Wettergreen co-developed six of the seven engineering design courses in the design curriculum at the OEDK, including the flagship first-year engineering design and Prototyping and Fabrication course. This practical hands-on course increases student proficiency in the development of prototypes using low fidelity prototyping, iterative design, and advanced manufacturing tools. Dr. Wettergreen’s efforts to scaffold prototyping into all of the OEDK’s design courses were recognized with Rice’s Teaching Award for Excellence in Inquiry-Based Learning. In 2017, four faculty members, including Wettergreen, combined the engineering design courses at the OEDK to create the first engineering design minor in the US, credentialing students for a course of study in engineering design, teamwork, prototyping, and client-based projects.

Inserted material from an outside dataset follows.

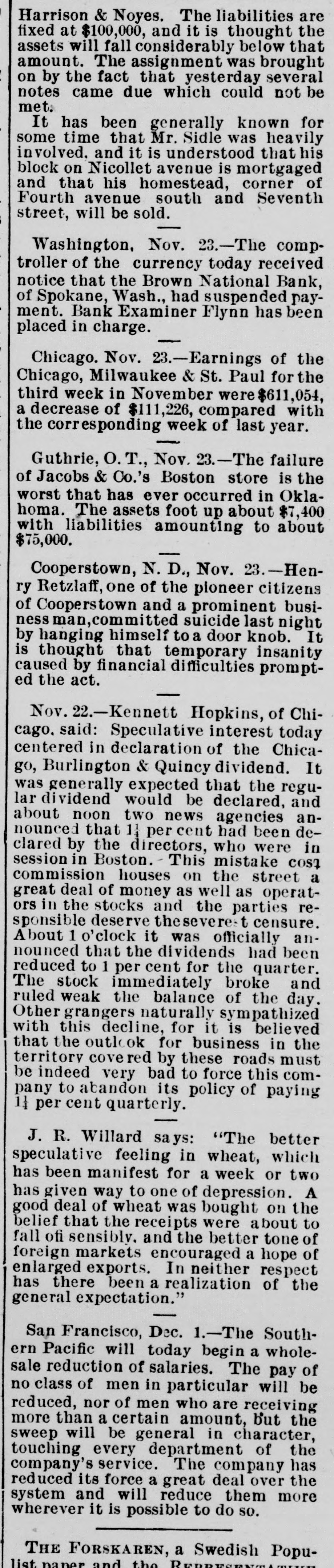 Harrison & Noyes. The liabilities are fixed at $100,000, and it is thought the assets will fall considerably below that amount. The assignment was brought on by the fact that yesterday several notes came due which could not be met. It has been generally known for some time that Mr. Sidle was heavily involved. and it is understood that his block on Nicollet avenue is mortgaged and that his homestead, corner of Fourth avenue south and Seventh street, will be sold. Washington, Nov. 23.-The comptroller of the currency today received notice that the Brown National Bank, of Spokane, Wash., had suspended payment. Bank Examiner Flynn has been placed in charge. Chicago. Nov. 23.-Earnings of the Chicago, Milwaukee & St. Paul for the third week in November were $611,054, a decrease of $111,226, compared with the corresponding week of last year. 1 Guthrie, O.T., Nov. 23.-The failure of Jacobs & Co.'s Boston store is the worst that has ever occurred in Oklahoma. The assets foot up about $7,400 with liabilities amounting to about $75,000. Cooperstown, N. D., Nov. 23.-Henry Retzlaff, one of the pioneer citizens of Cooperstown and a prominent busicommitted suicide last night by hanging himself to a door knob. It is thought that temporary insanity caused by financial difficulties prompted the act. Nov. 22.-Kennett Hopkins, of Chicago, said: Speculative interest today centered in declaration of the Chicago, Burlington & Quincy dividend. It was generally expected that the regular dividend would be declared, and about noon two news agencies announced that 11 per cent had been declared by the directors, who were in session in Boston. This mistake cost commission houses on the street a great deal of money as well as operators in the stocks and the parties responsible deserve theseveres censure. About 1 o'clock it was officially announced that the dividends had been reduced to 1 per cent for the quarter. The stock immediately broke and ruled weak the balance of the day. Other grangers naturally sympathized with this decline, for it is believed that the outlook for business in the territory cove by these roads must be indeed very bad to force this company to abandon its policy of paying 11 per cent quarterly. J. R. Willard says: "The better speculative feeling in wheat, which has been manifest for a week or two has given way to one of depression. A good deal of wheat was bought on the belief that the receipts were about to fall ofi sensibly. and the better tone of foreign markets encouraged a hope of enlarged exports. In neither respect has there been a realization of the general expectation." San Francisco, Dec. 1.-The Southern Pacific will today begin a wholesale reduction of salaries. The pay of no class of men in particular will be reduced, nor of men who are receiving more than a certain amount, but the sweep will be general in character, touching every department of the company's service. The company has reduced its force a great deal over the system and will reduce them more wherever it is possible to do so. THE FORSKAREN, a Swedish Populist paper and the REPRESENTA

Wettergreen has over ten years of experience teaching client-based engineering design courses, and a deep interest in engineering education, specifically curriculum that can be employed to build capacity for student development in makerspaces. Building off of this interest, he has taught and mentored faculty in Brazil, Malawi, and Tanzania to launch makerspaces and work with institutions to develop engineering design curriculum. Dr. Wettergreen is the faculty mentor for Rice’s Design for America chapter, for which he has been given the Hudspeth Award for excellence in student club mentoring.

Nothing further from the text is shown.